■ Data for this task:

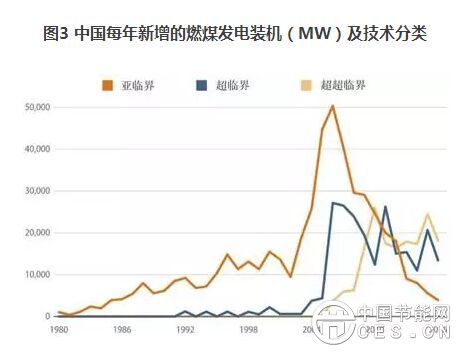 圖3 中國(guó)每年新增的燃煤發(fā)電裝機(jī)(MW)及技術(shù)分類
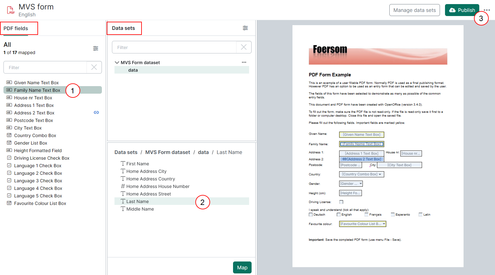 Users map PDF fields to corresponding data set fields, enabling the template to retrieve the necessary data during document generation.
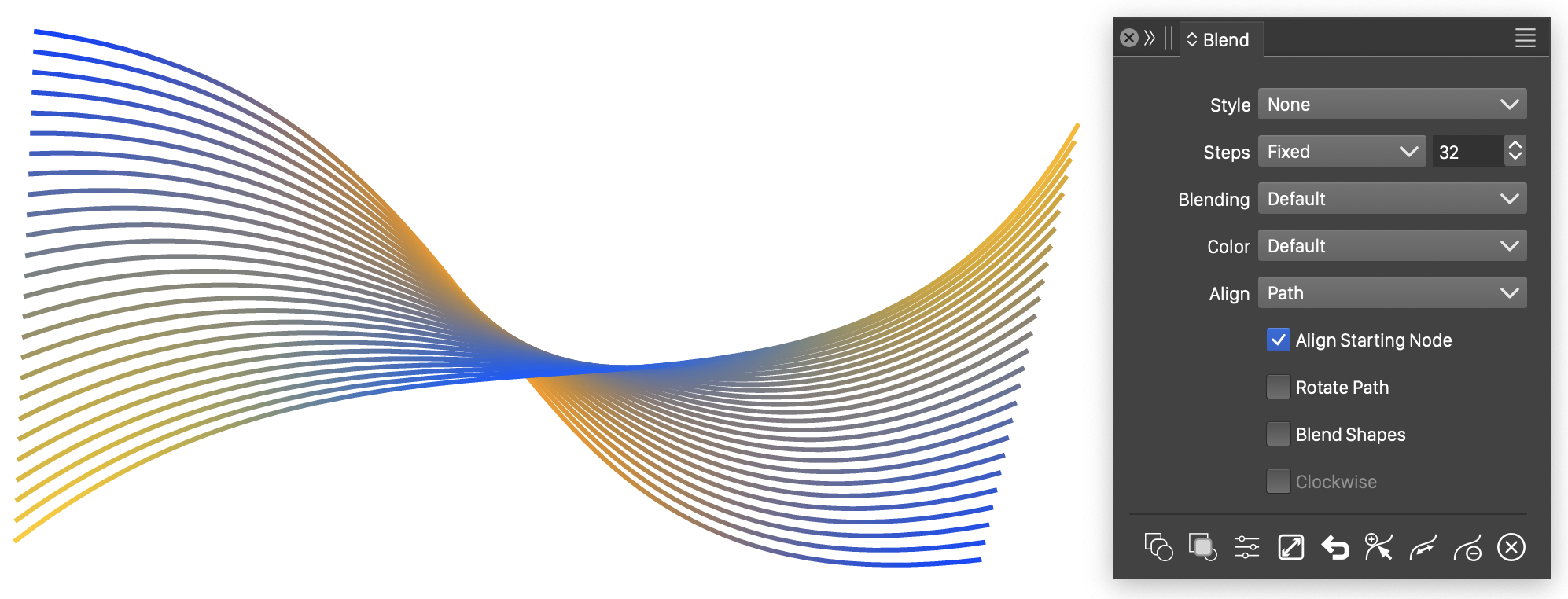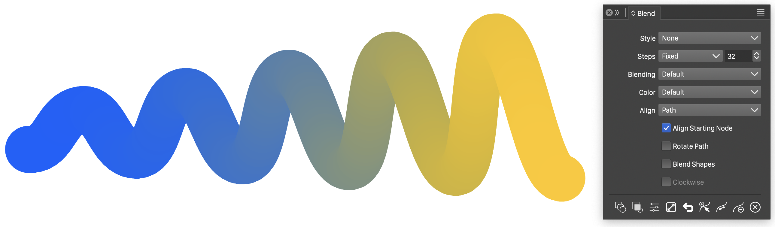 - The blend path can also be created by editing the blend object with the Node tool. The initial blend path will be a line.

* * *

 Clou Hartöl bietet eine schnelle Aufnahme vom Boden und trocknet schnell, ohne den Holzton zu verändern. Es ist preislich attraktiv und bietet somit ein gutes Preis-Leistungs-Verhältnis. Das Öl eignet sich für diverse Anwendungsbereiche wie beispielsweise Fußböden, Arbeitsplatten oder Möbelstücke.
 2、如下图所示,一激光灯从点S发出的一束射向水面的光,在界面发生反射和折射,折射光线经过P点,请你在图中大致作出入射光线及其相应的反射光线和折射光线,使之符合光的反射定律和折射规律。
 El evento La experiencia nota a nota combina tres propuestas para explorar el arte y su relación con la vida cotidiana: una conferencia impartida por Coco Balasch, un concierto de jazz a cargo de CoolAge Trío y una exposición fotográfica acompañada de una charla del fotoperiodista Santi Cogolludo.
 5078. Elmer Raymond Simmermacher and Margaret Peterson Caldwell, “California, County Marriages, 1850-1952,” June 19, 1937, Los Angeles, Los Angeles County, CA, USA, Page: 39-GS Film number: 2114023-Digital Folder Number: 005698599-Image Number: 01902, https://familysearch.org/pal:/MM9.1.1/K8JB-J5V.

■ Work to complete: With the pictures left out, write out exactly the lines above from the one containing "圖3 中國(guó)每年新增" through the one containing "- The blend".

■ Solution to the exercise:
 圖3 中國(guó)每年新增的燃煤發(fā)電裝機(jī)(MW)及技術(shù)分類
 Users map PDF fields to corresponding data set fields, enabling the template to retrieve the necessary data during document generation.
 - The blend path can also be created by editing the blend object with the Node tool. The initial blend path will be a line.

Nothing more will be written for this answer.